The elements of the model are identified in Fig. 4a and some output variables are highlighted with measurement scales: force, lengths, and diameter. Input is also indicated as an output variable in order to relate the input to the output. Since the overall length of the muscle plus tendon cannot vary under fixed-end conditions, the respective ends attached to bones are therefore considered immovable. The output variables are introduced to allow identification of model properties, which can emulate the results obtained with human subjects.

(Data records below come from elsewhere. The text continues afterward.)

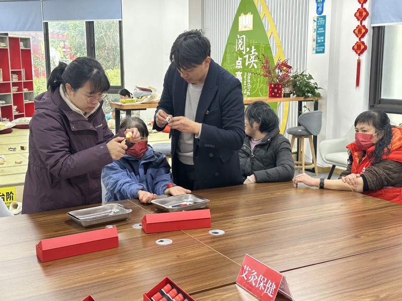 活动中,五位党员老师充分发挥自身的专业优势,为社区居民提供了耳穴埋籽和艾灸保健等中医特色服务项目。居民们对此次志愿服务活动热情高涨,体验区前排起了长队。沈蓓蓓和潘美伯负责耳穴埋籽项目,她们耐心地向居民讲解耳穴埋籽的原理和效果,并根据每个人的健康需求,精准地选取耳部穴位进行埋籽,帮助他们调理头痛、失眠等症状。
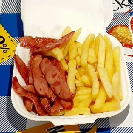 Pão bola, carne (70g), queijo, apresuntado, ovo, calabresa, salsicha, cheddar, batata palha e salada (alface, pepino e tomate)
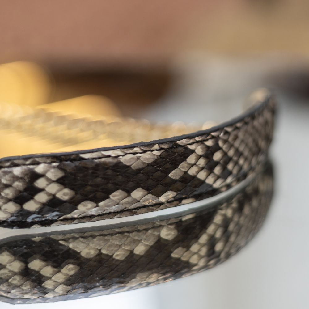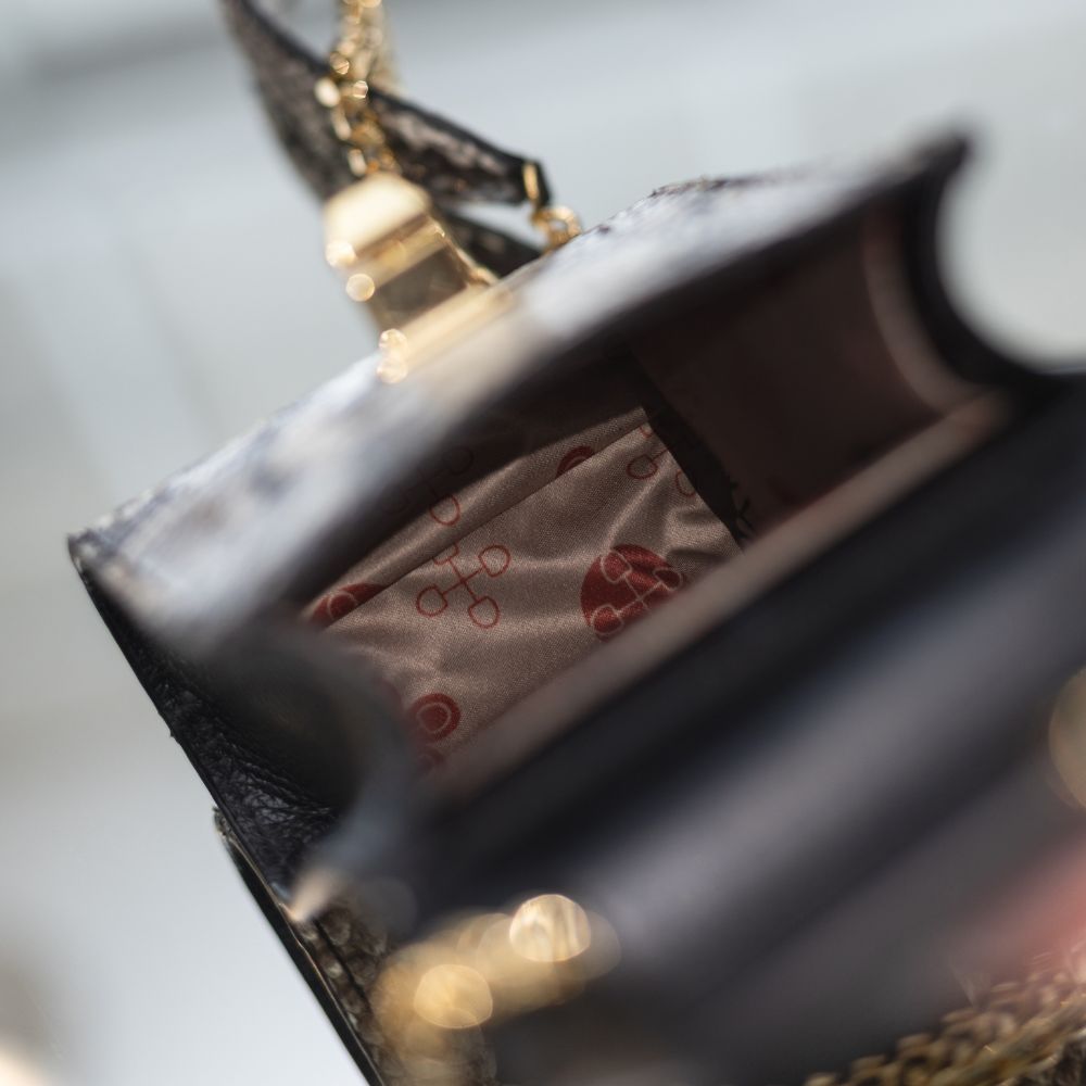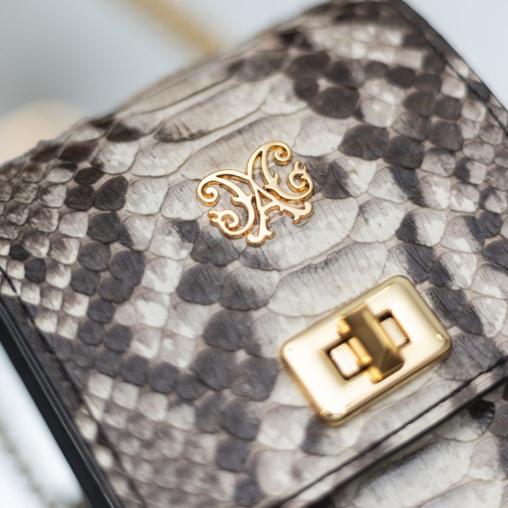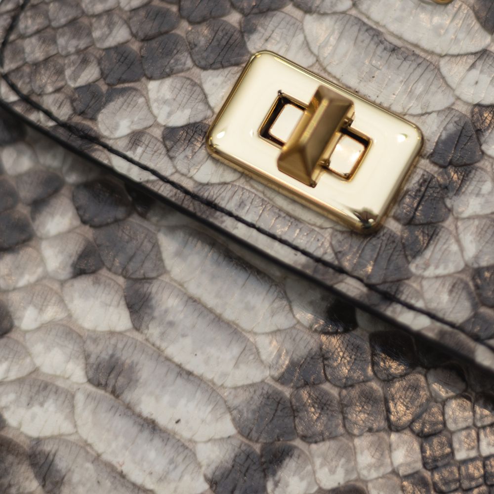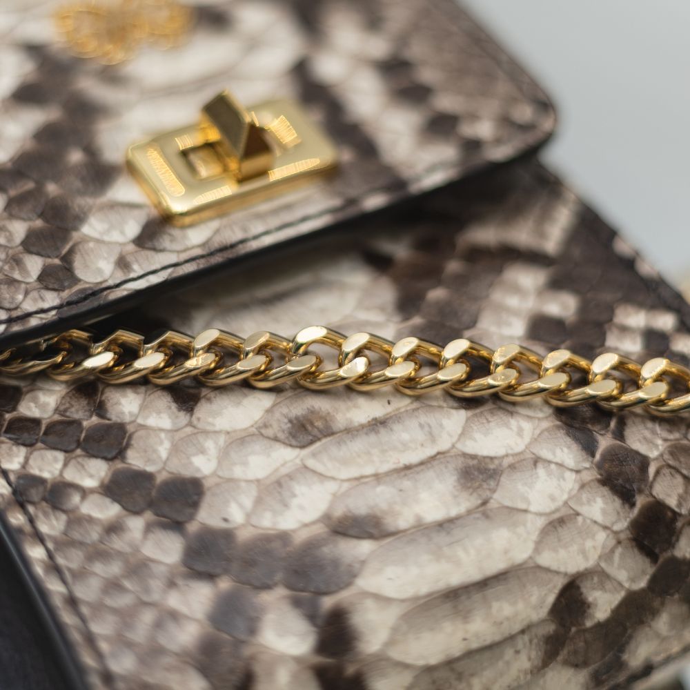 Confeccionada em couro Python, possui acabamento refinado, fecho metálico dourado frontal e alça longa em corrente com apoio de ombro em couro, permitindo uso transversal ou a tiracolo. Seu tamanho é ideal para levar o essencial, mantendo leveza e sofisticação.
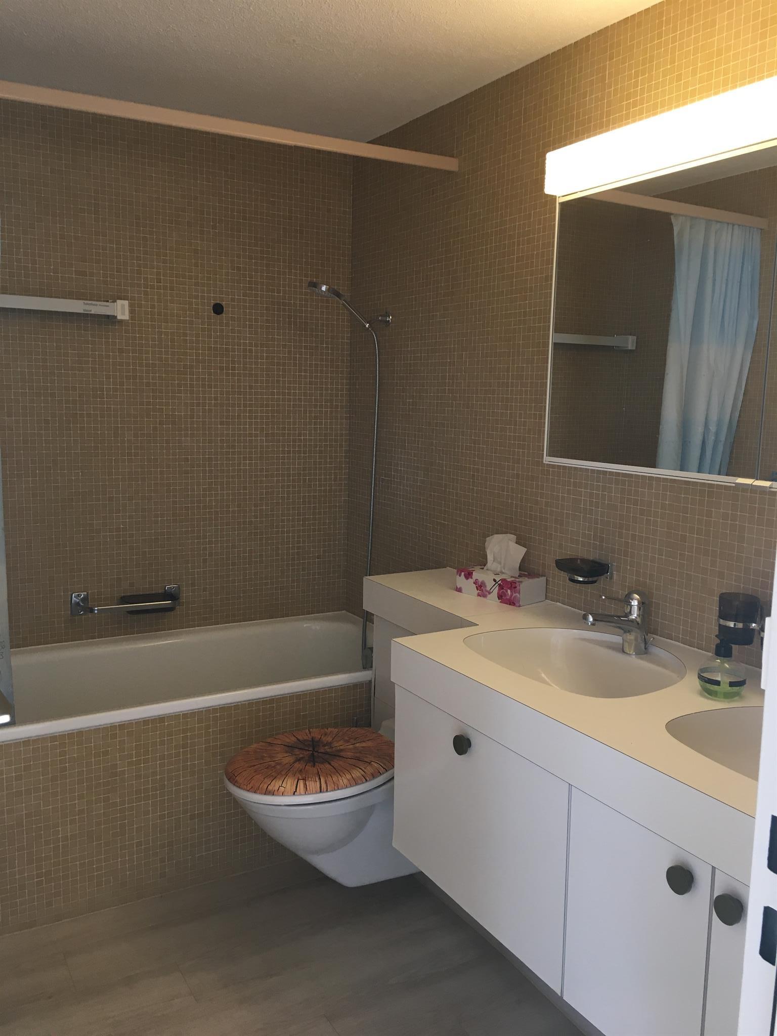 Wohnungsausstattung: Geschirr, Kaffeemaschine (Kapseln), Bett-/Bad- und Tischwäsche, WLan, Radio, Swisscom-TV
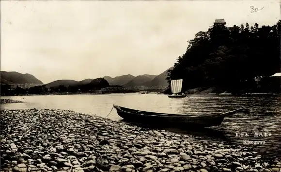 AK Japan, Kisograwa, Boot am Ufer
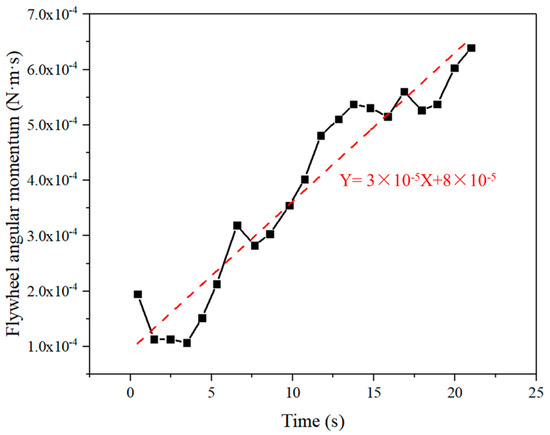 Figure 8 shows the rotational speeds of the x-axis flywheels. Figure 8a shows the rotational speeds of the flywheels when SLP-1K was not operating, and Figure 8b shows the speeds of the flywheels after SLP-1K was turned on. From the two graphs, it can be found that when the thruster was off, there were some oscillation changes in the flywheel speed, and the slope change in its average value is slight. The reason for the slight change is perhaps attributed to the spatial disturbance moments. When the thruster was turned on, the rotational speeds of the flywheels changed significantly, indicating a significant effect of the thruster. The total angular momentum of the system can be further obtained according to the speed of the flywheel, as shown in Figure 9. The thrust outputs were calculated based on the fitting coefficients. The x-axis thrust was about 315 μN. From the experimental results, it can be seen that the average thrust of the laser micro-thruster on orbits was higher than that of the ground experiments. The possible reason is the additional torque produced by the thruster. When the laser thruster is working, the rotations of the driving wheel and the driven one, which are used in the propellant feed system, bring some additional torques. Those torques will increase the attitude changes besides the net thrust produced by the thruster, eventually leading to a larger on-orbit thrust. However, in the ground test, the torsion pendulum system was used to measure the thrust perpendicular to the nozzle direction of the thruster, so the rotation torques in the thruster did not affect its thrust value. Therefore, the on-orbit thrust is higher than the ground one.
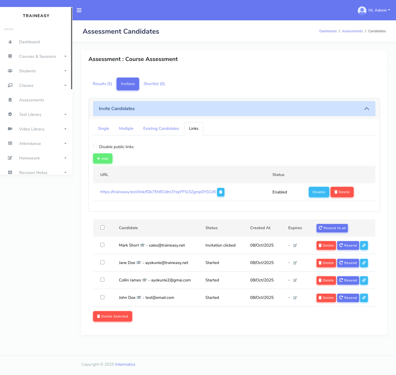 - Candidates and Links: Allows you to invite candidates, view existing candidates and results, and manage public links for the assessment.
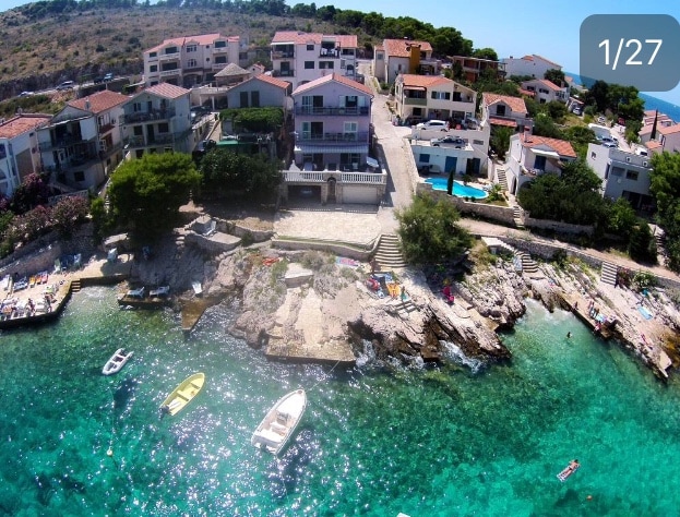 A Robinson tourism dream house situated by the sea and in a secluded area of a traditional olive grove and vineyard with over 4000 square meters large. The lot is located literally 10 meters from the sea offers one of the most authentic sunset experiences in Dalmatia. It has private access to a secluded beach beneath the estate. Go for a warm night swim or walk down the nearby promenade. Breathe the fresh air, feel the salty breeze on your face and heal your body&soul.

Consistent with previous work [10, 13, 14], the tendon is modelled by a spring. The elastic behaviour can be modelled with an idealized spring and a hook transmitting extensional stress only (Fig. 4b). During an isometric contraction, the hook is not required for modelling. The hook is therefore and by principle of simplification not employed in the modelling.
To model the observed asymmetric nonlinear response, an idealized mechanical ratchet had to be introduced. This represents a refinement of the established modelling required to describe the experimental observations of the overshoot following the termination of muscle contraction and the subsequent recovery. The ratchet is mounted in series with a damper and both in parallel with a spring. Although ratchets have previously been employed in modelling, this has only been done to represent the motor mechanism [3, 22]. The current application here is in addition to the motor.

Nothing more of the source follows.